Set down each record below exactly as it stands. Pictures are not part of the copy.

************

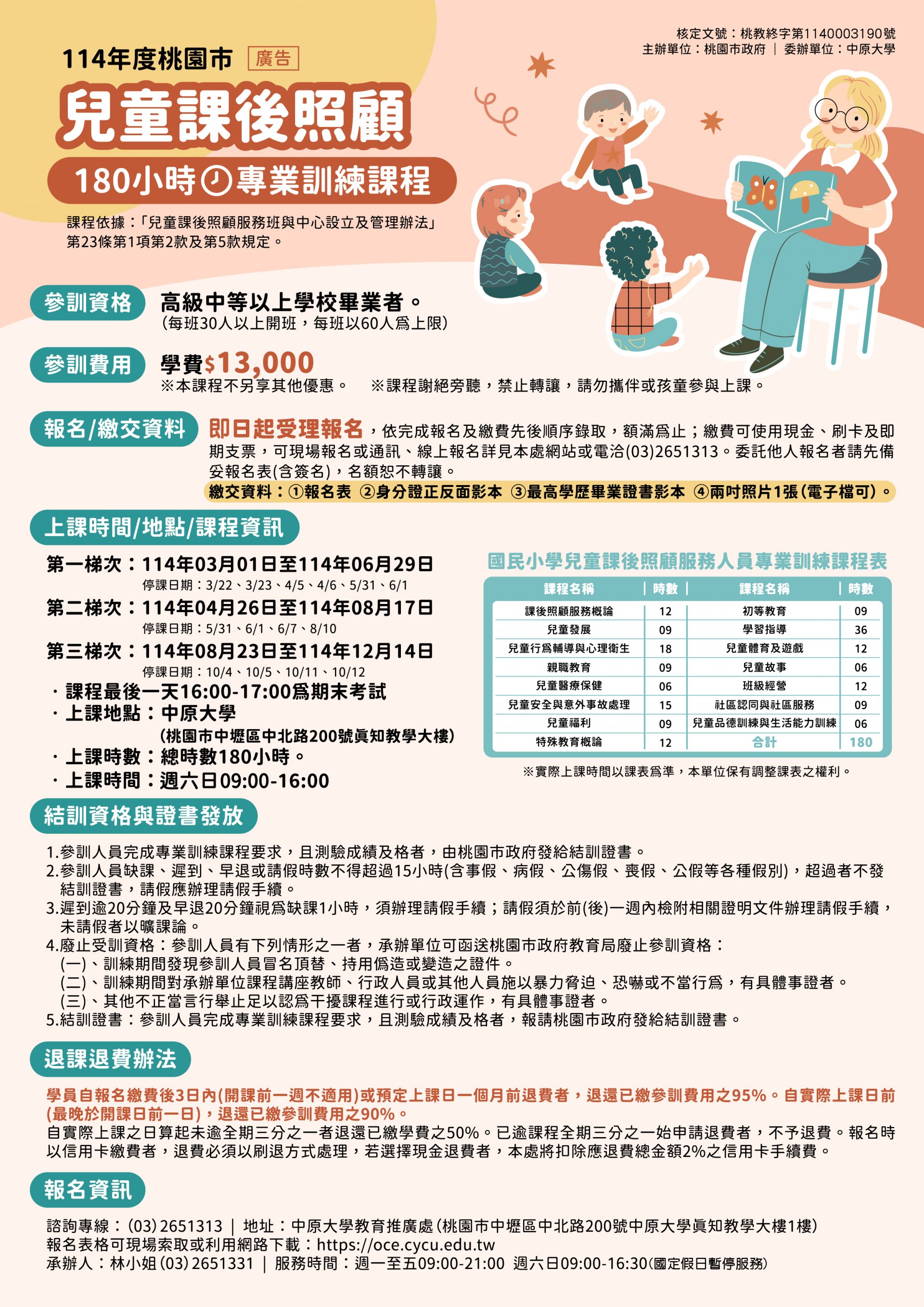 檢送中原大學辦理之「桃園市114年度兒童課後照顧服務人員180小時專業訓練課程」簡章及報名表各1份
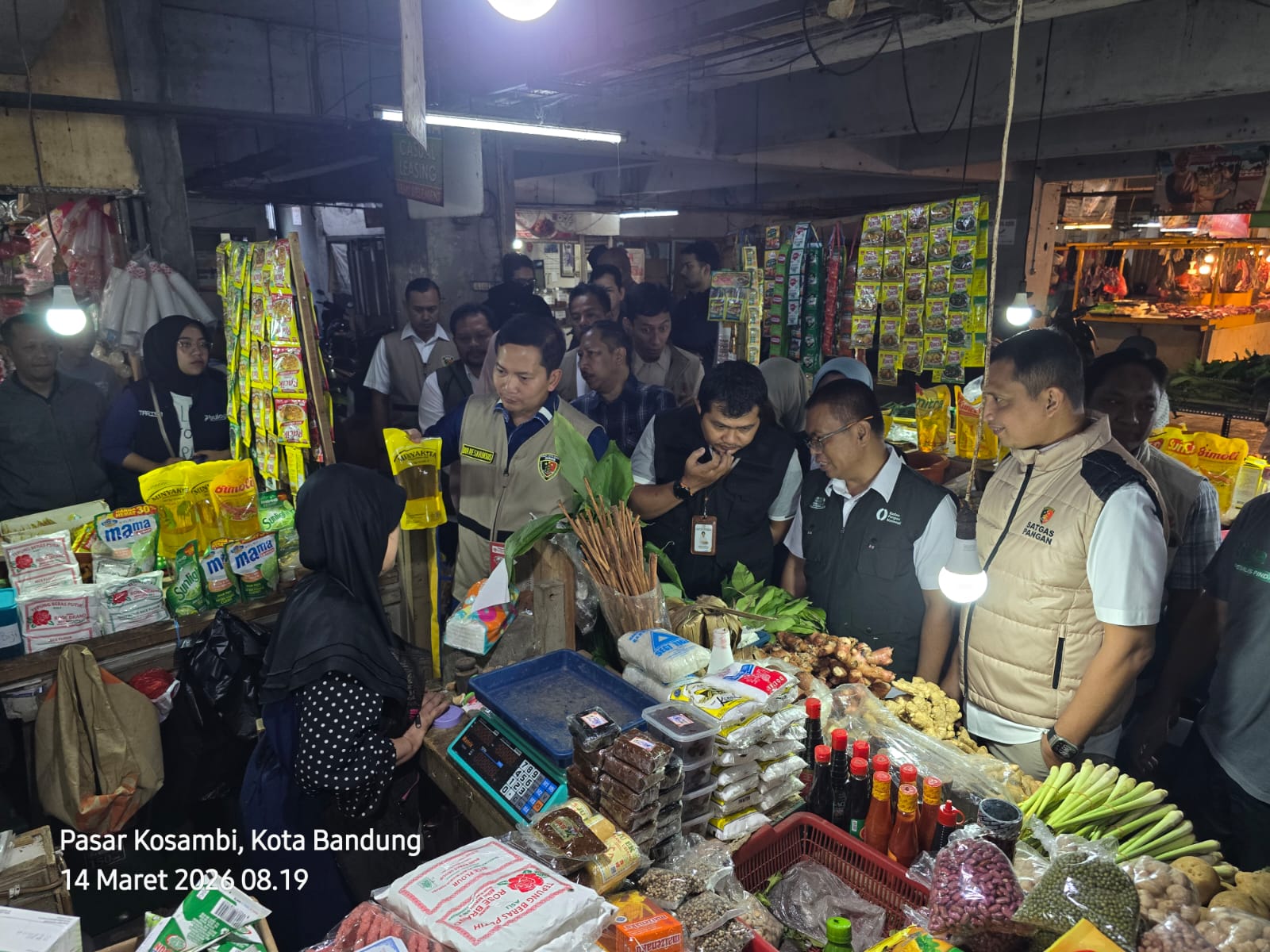Dari hasil pengecekan di Pasar Kosambi, sebagian besar komoditas pangan masih sesuai dengan HET/HAP, seperti: Minyakita, Beras SPHP, Cabai Merah Keriting, Bawang Merah, Bawang Putih, Gula Konsumsi, Daging Ayam Ras, Daging Sapi namun ditemukan harga cabai rawit merah masih diatas HAP dan Telur Ayam Ras masih diatas HAP, mengingat para pedagang/pengecer mengambil komoditas tsb sdh mepet atau melewati HAP, sehingga dari hasil tersebut Satgas Saber mendatangi distributor di Pasar Induk Caringin untuk mengecek kebenaran informasi tersebut ke distributor. Hasil pengecekan, Harga cabai naik mengingat Pedagang di Pasar Induk Caringin mendapat pasokan dari produsen/petani di Lembang sdh diatas HAP di harga Rp 75.000 dengan alasan produksi menurun akibat curah hujan tinggi dan serangan hama. Oleh karena itu Kadis Perdagangan Kota Bandung disarankan untuk dapat koordinasi daerah sentra produksi cabai dan berikan fasilitasi dukungan distribusi (FDP) untuk membantu biaya transportasi, sehingga dapat menurunkan harga Cabai Rawit Merah
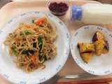 献立 塩焼きそば 大学いも あじさいゼリー 牛乳 ぶたにく 青森 た...
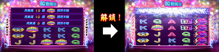 ● 10 個,解鎖第五列滾輪,獲得 3 個免費遊戲( 3125 線)。
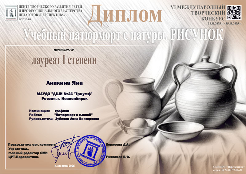 VI Международный творческий конкурс «Учебный натюрморт с натуры. Рисунок»
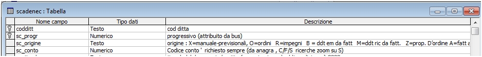 Nuovo archivio delle scadenze extra contabili Tale archivio è gestito dalla nuova tabella SCADENEC, che non è legata però a registrazioni contabili e non contiene il concetto di numero rata, ma ha un progressivo numerico, in parte gestito a mano tramite scadenze inserite manualmente dall'operatore ed in parte generate da Business prelevando i dati da ordini, ddt da fatturare, proposte d'ordine, ... Come struttura è simile alla tabella SCADEN, ma non impone registrazioni contabili, quindi da un punto di vista tecnico la chiave non è più individuata da conto\anno\serie\num. doc.\num. rata ma è un progressivo numerico. La struttura di SCADENEC (differenze rispetto a scaden):

************

(YOUR RESPONSE)
 檢送中原大學辦理之「桃園市114年度兒童課後照顧服務人員180小時專業訓練課程」簡章及報名表各1份
Dari hasil pengecekan di Pasar Kosambi, sebagian besar komoditas pangan masih sesuai dengan HET/HAP, seperti: Minyakita, Beras SPHP, Cabai Merah Keriting, Bawang Merah, Bawang Putih, Gula Konsumsi, Daging Ayam Ras, Daging Sapi namun ditemukan harga cabai rawit merah masih diatas HAP dan Telur Ayam Ras masih diatas HAP, mengingat para pedagang/pengecer mengambil komoditas tsb sdh mepet atau melewati HAP, sehingga dari hasil tersebut Satgas Saber mendatangi distributor di Pasar Induk Caringin untuk mengecek kebenaran informasi tersebut ke distributor. Hasil pengecekan, Harga cabai naik mengingat Pedagang di Pasar Induk Caringin mendapat pasokan dari produsen/petani di Lembang sdh diatas HAP di harga Rp 75.000 dengan alasan produksi menurun akibat curah hujan tinggi dan serangan hama. Oleh karena itu Kadis Perdagangan Kota Bandung disarankan untuk dapat koordinasi daerah sentra produksi cabai dan berikan fasilitasi dukungan distribusi (FDP) untuk membantu biaya transportasi, sehingga dapat menurunkan harga Cabai Rawit Merah
 献立 塩焼きそば 大学いも あじさいゼリー 牛乳 ぶたにく 青森 た...
 ● 10 個,解鎖第五列滾輪,獲得 3 個免費遊戲( 3125 線)。
 VI Международный творческий конкурс «Учебный натюрморт с натуры. Рисунок»
 Nuovo archivio delle scadenze extra contabili Tale archivio è gestito dalla nuova tabella SCADENEC, che non è legata però a registrazioni contabili e non contiene il concetto di numero rata, ma ha un progressivo numerico, in parte gestito a mano tramite scadenze inserite manualmente dall'operatore ed in parte generate da Business prelevando i dati da ordini, ddt da fatturare, proposte d'ordine, ... Come struttura è simile alla tabella SCADEN, ma non impone registrazioni contabili, quindi da un punto di vista tecnico la chiave non è più individuata da conto\anno\serie\num. doc.\num. rata ma è un progressivo numerico. La struttura di SCADENEC (differenze rispetto a scaden):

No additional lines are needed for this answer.